■ WORK ORDER
Please retype the records that appear below, exactly and in full.

■ INPUT RECORDS
+ + +
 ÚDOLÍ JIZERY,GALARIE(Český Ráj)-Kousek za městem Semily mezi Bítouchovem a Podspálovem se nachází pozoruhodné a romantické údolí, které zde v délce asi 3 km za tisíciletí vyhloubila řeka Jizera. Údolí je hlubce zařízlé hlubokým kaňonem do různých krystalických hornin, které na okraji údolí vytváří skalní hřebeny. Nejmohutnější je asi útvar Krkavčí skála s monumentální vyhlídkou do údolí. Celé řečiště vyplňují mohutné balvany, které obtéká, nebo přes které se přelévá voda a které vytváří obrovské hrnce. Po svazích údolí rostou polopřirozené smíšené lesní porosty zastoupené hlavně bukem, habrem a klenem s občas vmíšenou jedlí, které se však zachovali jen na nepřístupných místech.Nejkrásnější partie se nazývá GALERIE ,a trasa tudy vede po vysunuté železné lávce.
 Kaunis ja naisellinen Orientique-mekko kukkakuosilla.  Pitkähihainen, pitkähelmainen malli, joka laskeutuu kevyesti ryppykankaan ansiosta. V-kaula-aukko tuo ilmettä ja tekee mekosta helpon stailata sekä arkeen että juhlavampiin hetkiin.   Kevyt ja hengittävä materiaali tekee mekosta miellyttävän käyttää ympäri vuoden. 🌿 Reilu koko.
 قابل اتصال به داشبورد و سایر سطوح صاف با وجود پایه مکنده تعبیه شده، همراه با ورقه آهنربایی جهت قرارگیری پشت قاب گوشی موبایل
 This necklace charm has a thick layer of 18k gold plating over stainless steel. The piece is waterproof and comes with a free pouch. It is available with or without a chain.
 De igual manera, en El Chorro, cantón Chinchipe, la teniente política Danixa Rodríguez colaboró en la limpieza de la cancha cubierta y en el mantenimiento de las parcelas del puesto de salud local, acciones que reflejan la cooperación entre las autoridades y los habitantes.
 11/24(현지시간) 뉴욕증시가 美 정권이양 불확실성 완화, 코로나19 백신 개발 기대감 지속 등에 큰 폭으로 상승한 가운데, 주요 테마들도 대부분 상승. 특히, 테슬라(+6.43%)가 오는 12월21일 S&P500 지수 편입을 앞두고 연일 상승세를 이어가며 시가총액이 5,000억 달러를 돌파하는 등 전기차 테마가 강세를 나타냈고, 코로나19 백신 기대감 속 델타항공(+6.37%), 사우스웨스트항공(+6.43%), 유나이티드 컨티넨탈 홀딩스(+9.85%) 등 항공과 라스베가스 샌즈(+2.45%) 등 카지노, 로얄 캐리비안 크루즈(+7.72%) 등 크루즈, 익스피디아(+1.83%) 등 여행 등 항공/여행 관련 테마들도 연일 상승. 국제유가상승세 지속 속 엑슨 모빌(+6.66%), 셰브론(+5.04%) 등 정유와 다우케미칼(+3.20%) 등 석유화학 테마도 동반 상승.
+ + +
■ ANSWER FOR THIS EXERCISE
 ÚDOLÍ JIZERY,GALARIE(Český Ráj)-Kousek za městem Semily mezi Bítouchovem a Podspálovem se nachází pozoruhodné a romantické údolí, které zde v délce asi 3 km za tisíciletí vyhloubila řeka Jizera. Údolí je hlubce zařízlé hlubokým kaňonem do různých krystalických hornin, které na okraji údolí vytváří skalní hřebeny. Nejmohutnější je asi útvar Krkavčí skála s monumentální vyhlídkou do údolí. Celé řečiště vyplňují mohutné balvany, které obtéká, nebo přes které se přelévá voda a které vytváří obrovské hrnce. Po svazích údolí rostou polopřirozené smíšené lesní porosty zastoupené hlavně bukem, habrem a klenem s občas vmíšenou jedlí, které se však zachovali jen na nepřístupných místech.Nejkrásnější partie se nazývá GALERIE ,a trasa tudy vede po vysunuté železné lávce.
 Kaunis ja naisellinen Orientique-mekko kukkakuosilla.  Pitkähihainen, pitkähelmainen malli, joka laskeutuu kevyesti ryppykankaan ansiosta. V-kaula-aukko tuo ilmettä ja tekee mekosta helpon stailata sekä arkeen että juhlavampiin hetkiin.   Kevyt ja hengittävä materiaali tekee mekosta miellyttävän käyttää ympäri vuoden. 🌿 Reilu koko.
 قابل اتصال به داشبورد و سایر سطوح صاف با وجود پایه مکنده تعبیه شده، همراه با ورقه آهنربایی جهت قرارگیری پشت قاب گوشی موبایل
 This necklace charm has a thick layer of 18k gold plating over stainless steel. The piece is waterproof and comes with a free pouch. It is available with or without a chain.
 De igual manera, en El Chorro, cantón Chinchipe, la teniente política Danixa Rodríguez colaboró en la limpieza de la cancha cubierta y en el mantenimiento de las parcelas del puesto de salud local, acciones que reflejan la cooperación entre las autoridades y los habitantes.
 11/24(현지시간) 뉴욕증시가 美 정권이양 불확실성 완화, 코로나19 백신 개발 기대감 지속 등에 큰 폭으로 상승한 가운데, 주요 테마들도 대부분 상승. 특히, 테슬라(+6.43%)가 오는 12월21일 S&P500 지수 편입을 앞두고 연일 상승세를 이어가며 시가총액이 5,000억 달러를 돌파하는 등 전기차 테마가 강세를 나타냈고, 코로나19 백신 기대감 속 델타항공(+6.37%), 사우스웨스트항공(+6.43%), 유나이티드 컨티넨탈 홀딩스(+9.85%) 등 항공과 라스베가스 샌즈(+2.45%) 등 카지노, 로얄 캐리비안 크루즈(+7.72%) 등 크루즈, 익스피디아(+1.83%) 등 여행 등 항공/여행 관련 테마들도 연일 상승. 국제유가상승세 지속 속 엑슨 모빌(+6.66%), 셰브론(+5.04%) 등 정유와 다우케미칼(+3.20%) 등 석유화학 테마도 동반 상승.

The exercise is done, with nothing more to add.